# Closing off underside of Stairs



## rossfingal (Mar 20, 2011)

Hi!
Welcome to "DIY"! 
5/8 's inch, Type "X", firecode drywall, on the underside of the stairs - for
starters.
Post some pictures!

rossfingal


----------



## rossfingal (Mar 20, 2011)

Also, since you're going to finish your basement off -
see this useful link (from a member here) - concerning "Fire-Stopping" -
http://www.diychatroom.com/f98/how-fireblock-framing-37190/
Very good read! 

rossfingal


----------



## Blondesense (Sep 23, 2008)

I don't know your experience level, and I'm not sure this answers your question, but you might take a look at this thread:

http://www.diychatroom.com/f98/how-fireblock-framing-37190/

It's a good thread, but long. Page 5 goes into stairs too.

Edited to add: Oops, just a little too slow.


----------



## robb01 (Apr 28, 2011)

Im more worried about aesthetics. There is currently no "fire block" now, so Im just wanting something that will look nicer than what is currently there


----------



## rossfingal (Mar 20, 2011)

If you're going to cover the underside of the stairs - something that complies
to "Fire-code" is a must!
"Fire-code" isn't "aesthetics" - it's "Life Safety"!
If you cover the underside of the stairs with something that is not fire-
code compliant - Oh, well - not my stairs!
You can always put the drywall on first, and then the wood -
(NO, 1/2 inch drywall is not compliant!).
You came for advice - I hope you listen.
By the way, one of my "specialties" as a Philosophy Major in college was 
"Aesthetics" - it's good to talk aesthetics, once in a while! 

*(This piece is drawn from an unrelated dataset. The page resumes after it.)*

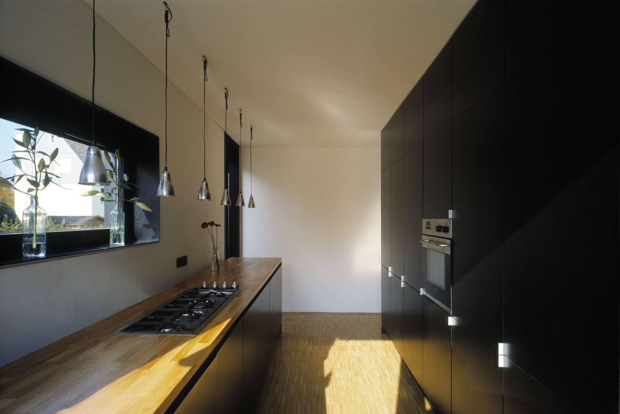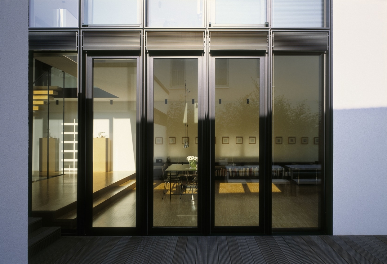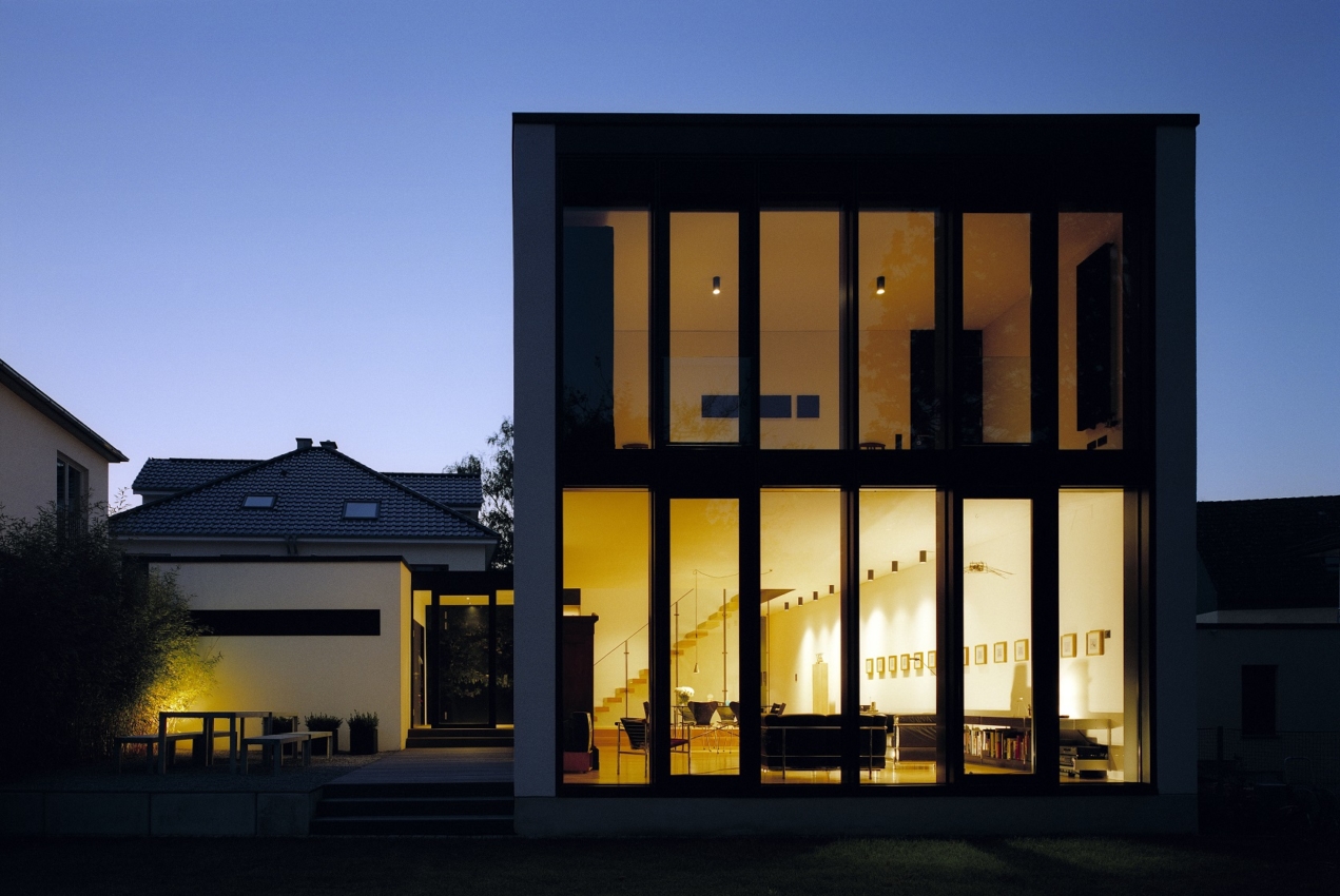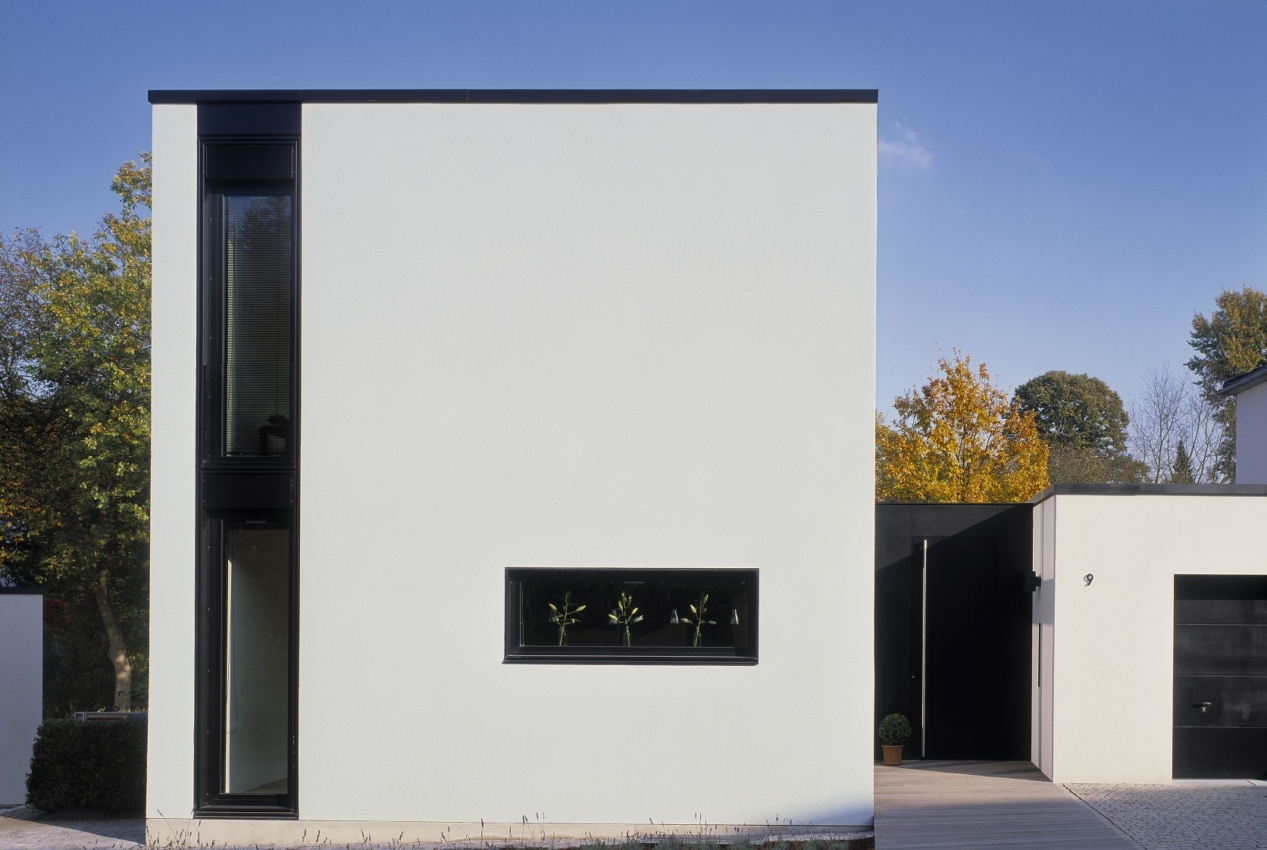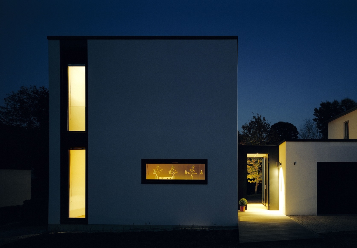 The three brick exterior walls, which are set against the glass surfaces as white plastered panes, are constructed as 36.5 cm thick single-skin poroton masonry, so that a costly and climatically unfavorable thermal insulation composite system can be dispensed with.

Regards, in your quest for beauty!

rossfingal


----------



## Gary in WA (Mar 11, 2009)

What a coinkydink.... I just posted this last, about 10 min. ago.... *R302.7 Under-stair protection. *Enclosed accessible space under stairs shall have walls, under-stair surface and any soffits protected on the enclosed side with 1⁄2-inch (12.7 mm) gypsum board. http://publicecodes.citation.com/icod/irc/2009/icod_irc_2009_3_sec002_par018.htm


Gary


----------